## Wednesday, April 11, 2012

### Topcoder SRM 540

Fun problem set. But I spent most of the time solving a problem that was much easier than 550. Instead of solving the real 550.

## div1 250: The one with the intervals

All right all right. Let us count the number of correct arrays (a1, a2,... an+1) such that ai opi ai+1 = bi for all i Such that opi are operators (+ or -) and all ai are positive.

Let us say that a1 = x. We have x > 0 as the first condition. If op1 was -, then we would have to solve the equation: b1 = a2 - a1 = a2 - x. Or (a2 = b1 + x). We got a new condition: (b1 + x > 0). Likewise, if the first operator was positive we would have: b1 = a2 + x ; a2 = b1 - x. So the new condition will become b1 - x > 0.

Let us define for each i : ai = s * x + y. Such that s is 1 or -1 (the sign). For each i, you can find the values of s and y by using the values from (i-1) by using the equations.
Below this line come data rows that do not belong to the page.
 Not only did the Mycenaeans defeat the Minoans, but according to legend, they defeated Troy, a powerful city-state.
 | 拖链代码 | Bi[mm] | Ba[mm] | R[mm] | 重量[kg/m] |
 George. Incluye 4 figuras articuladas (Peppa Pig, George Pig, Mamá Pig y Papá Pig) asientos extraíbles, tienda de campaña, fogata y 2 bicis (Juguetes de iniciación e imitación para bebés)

Then you have to use the condition: s * x + y > 0. Depending on the sign of x, this will become either a lower bound for x or an upper bound for x. At the end, you will have plenty of upper and lower bounds (if you do not have any upper bound, there are infinite results) (x must be positive, so the lower bound is at least 1). Pick the minimum upper bound and the maximum lower bound, then use a single subtraction to count the number of ways x can be set.
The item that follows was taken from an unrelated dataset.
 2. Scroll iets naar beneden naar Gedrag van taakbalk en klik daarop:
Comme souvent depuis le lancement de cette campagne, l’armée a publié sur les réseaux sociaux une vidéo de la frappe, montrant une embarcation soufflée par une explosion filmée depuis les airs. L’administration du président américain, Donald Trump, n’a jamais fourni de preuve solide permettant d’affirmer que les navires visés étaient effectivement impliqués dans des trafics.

Implementation can be tricky. I would post my beautiful code I made during the match, but I am in a different computer and TopCoder won't let me CNP my own code.

### So here it is:

#include <valarray>
#include <queue>
#include <sstream>
#include <iostream>
#include <set>
#include <map>
#include <cassert>

using namespace std;

typedef long long int64;
#define long int64

struct ImportantSequence
{
int getCount(vector <int> B, string operators)
{
int n = B.size();
int s = 1;
long y = 0;
const long INF = numeric_limits<long>::max();
long lowBound = 1;
long upperBound = INF;
for (int i=0; i<=n; i++) {
// value of the last number is
// x*s + y  > 0
// x*s > -y
if (s == -1) {
// -x > -y
// x < y
upperBound = std::min(upperBound, y);
} else {
// x > -y
lowBound = std::max(lowBound, -y + 1);
}

if (i==n) {
break;
}
if ( operators[i] == '-') {
//new number is:
//  B[i] = (x*s + y) - z
//    z  = (x*s + y - B[i])
y -= B[i];
} else {
//new number is:
//  B[i] = (x*s + y) + z
//   z   = B[i] - (x*s + y)
//   z   = B[i] - x*s - y
s *= -1;
y = -y + B[i];
}

}
if (upperBound == INF) {
return -1;
}
if (upperBound <= lowBound) {
return 0;
}
return upperBound - lowBound;

}
};
#undef long


## div1 550: The one with the colors

I spent most of the match thinking that colors are independent. As such you can find the probability that each color will be ugly and then combine the 3 probabilities. I spent most of the match baffled as to why I failed the last test cases. From my analysis, I was certain the colors were independent, but examples suggested that was not the case. But I could not find a reason for this... Until, some few minutes before the end, I noticed that while all differences must be at most d2, only one of the differences between color components must be at least d1. Thus the colors are not independent. Yay.